Researchers introduced dogs to an interactive toy with a treat hidden inside under three different circumstances—one where the dog’s owner was completely absent, one where the dog’s owner was silent, and one where the dog’s owner was actively encouraging the dog.

Researchers found the dogs were much more motivated to play with the toy and find the treat when their owners were present—even if they were silent. The presence of their owner made them more comfortable to explore their environment. This implies that the secure base effect that exists between parents and children also exists between dogs and their owners—or, in other words, your dog looks to you as their parent, protector, and safety net just as much as a human child would.

Wrapping things up

There’s no way to know exactly what a dog is thinking or feeling—but when it comes to the question “does my dog think I’m a dog?” all signs clearly point to no.
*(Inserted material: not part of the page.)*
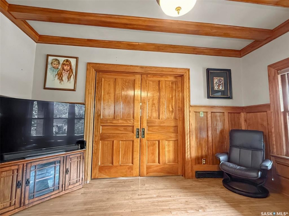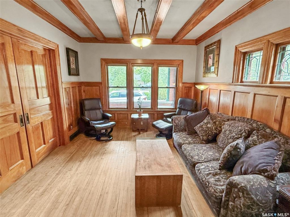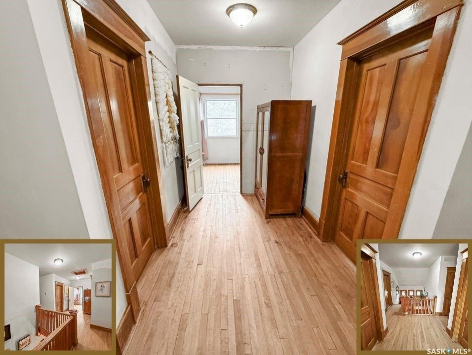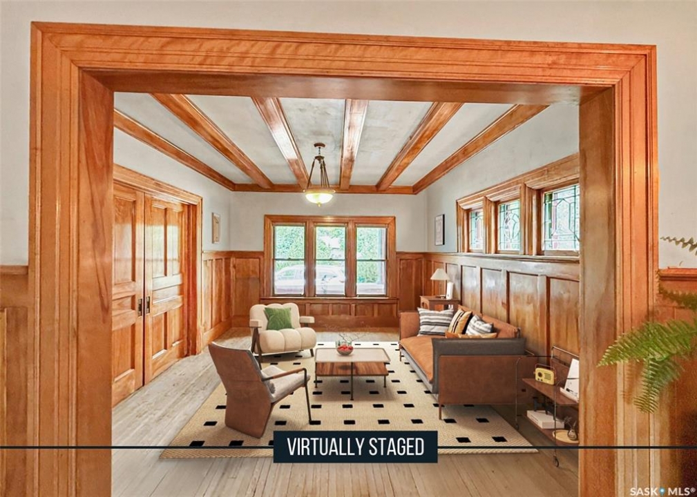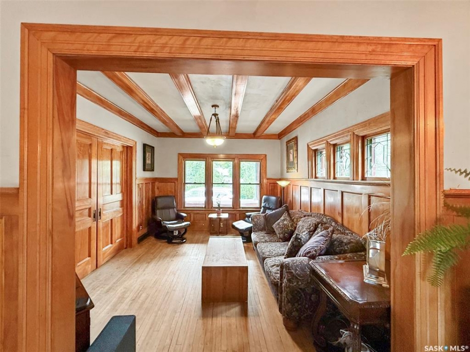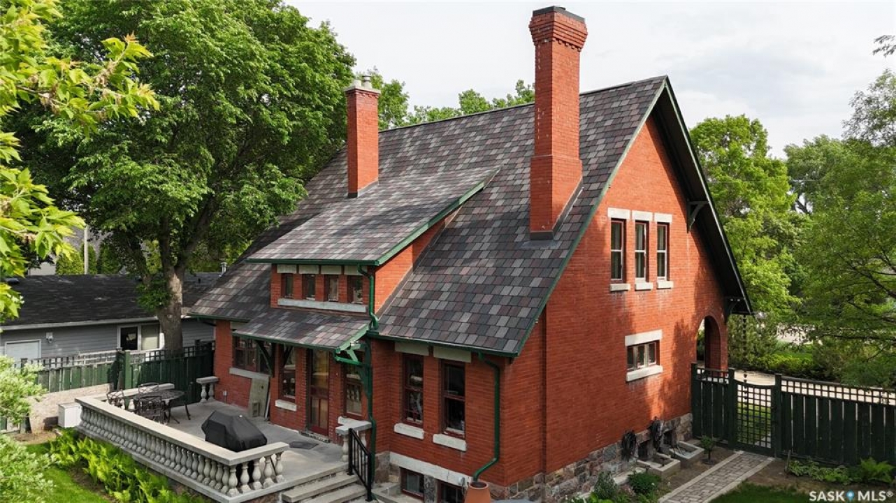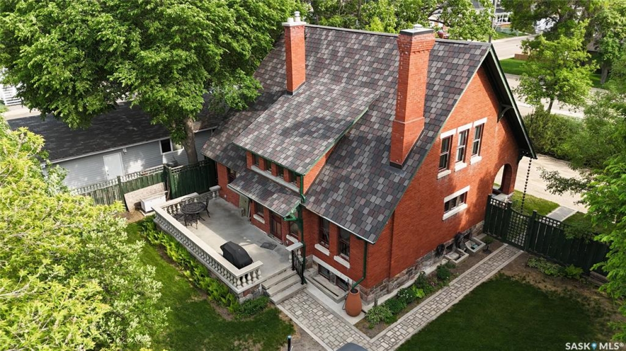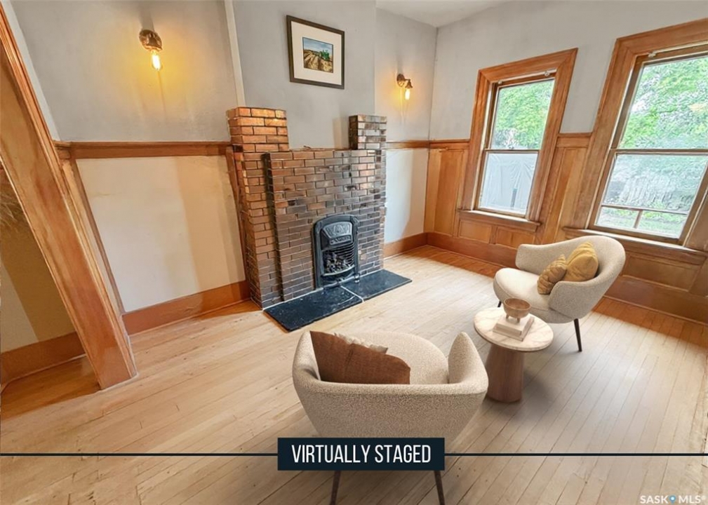 Welcome to Ashley Park Manor – a rare opportunity to own a beautifully restored piece of Swift Current history. Built in 1912 in the English Arts & Crafts style, this iconic double-brick home offers 2,104 sq ft of character-rich space, perfectly blending timeless charm with modern updates. Ideally located in the heart of Ashley Park, just steps from Elmwood Park and the Chinook Parkway, this home sits on a mature oversized lot with an inviting curved drive & rebuilt covered verandah. Lovingly refurbished inside and out: foundation fully reinforced, all-newer sewer & plumbing lines (including to the street), upgraded electrical throughout, lifetime shingles, & restored or rebuilt original windows. Heating equalized $90/m Inside you'll find original hardwoods and millwork (maple on main floor, fir on 2nd) wainscotting, leaded glass & decorative ceiling beams in the great room. The grand entry hosts a stately staircase, flanked by two sets of wood sliding doors opening to a formal dining room and a spacious living area with a sitting room behind that features a cozy gas fireplace with refaced brick. A 2-pc bath at the rear echoes the home's classic elegance. The kitchen includes a full stainless steel appliance package—featuring a premium BlueStar gas range—and awaits your finishing touches for cabinetry, flooring, and trim. Upstairs offers three bedrooms, including a spacious primary with dual closets and access to a sunny second-level sunroom—perfect for a future ensuite. The main 4-pc bath blends vintage charm with modern comfort, featuring classic hex tile alongside fully updated contemporary fixtures and finishes. The lower level features a clean mechanical area with high-efficiency furnace, on-demand hot water, reverse osmosis, softener, air filter, laundry, and ample storage. The peaceful yard includes stonework, concrete patio, NG BBQ hookup, and storage sheds. A true Swift Current landmark—restored with care and ready for its next chapter.

Humans and dogs smell different, look different, and behave differently—so when your dog is interacting with you, he’s clearly getting the signal that you’re a human, not a canine.

But again, just because your dog recognizes that you’re not a dog doesn’t mean he doesn’t identify with you or have a strong bond. Dogs’ behavior with their owners clearly mimics children’s behavior with their parents—so, at the end of the day, it doesn’t matter to your pet if you’re walking around on two legs or four. What matters is that you’re the one feeding them, playing with them, and loving them every day.